I Have the following code:
l_sortedQueue = sorted(l_queue, key=lambda i: i['priority'])
for i, d in enumerate(l_sortedQueue):
if d['key'] == some_value:
l_queue= l_sortedQueue.insert(n_queue_position, l_sortedQueue.pop(i))
So I'm basically trying to move one of the dictionary entries in l_queue into a new index while shifting all the other values over one but because of how the data is organized in the list, I had to do it this way (sorting the list based on a 'priority' value before moving the item to a new index). For some reason however, when I reference l_queue within the for loop as in this line:
l_queue = l_sortedQueue.insert(n_queue_position, l_sortedQueue.pop(i))
The OUTER reference to l_queue becomes unresolved, and the inner reference refers to a new local variable instead of the global list variable. Without this inner reference, it properly references the global variable however. Why is this? How do I get the inner and outer reference to l_queue to reference the global list variable?

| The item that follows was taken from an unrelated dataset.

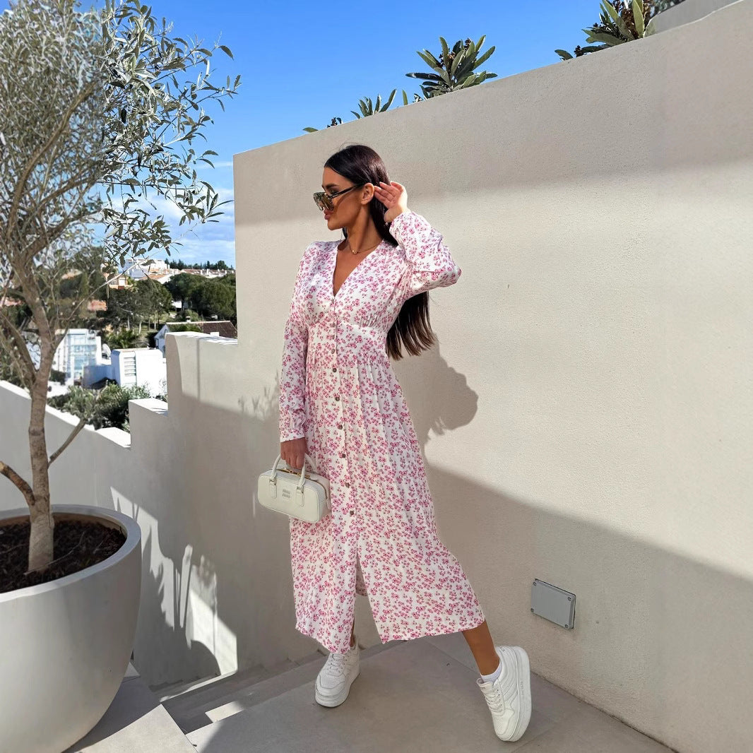 • Entzückendes florales Design: Das aufwendige florale Muster verleiht dem Kleid einen frischen und femininen Touch, perfekt für Gartenpartys oder Sommerausflüge.

Not sure if it is relevant, but this code comes from a flask function.
答案 0 :(得分:1)
尝试打印此行:l_sortedQueue.insert(n_queue_position, l_sortedQueue.pop(i))。您将看到它打印到None。这是因为insert是一个函数,它不会返回一个值。因此,您认为自己正在做的是将l_SortedQueue分配给l_queue,但您实际所做的是使用l_queue覆盖您的None列表。
您应将其更改为:
sortedQueue.insert(n_location, sortedQueue.pop())
que = sortedQueue
然而,看起来你以一种非常黑客的方式循环,我并没有真正关注。我认为除了这个解决方案之外,还有更好的解决方案。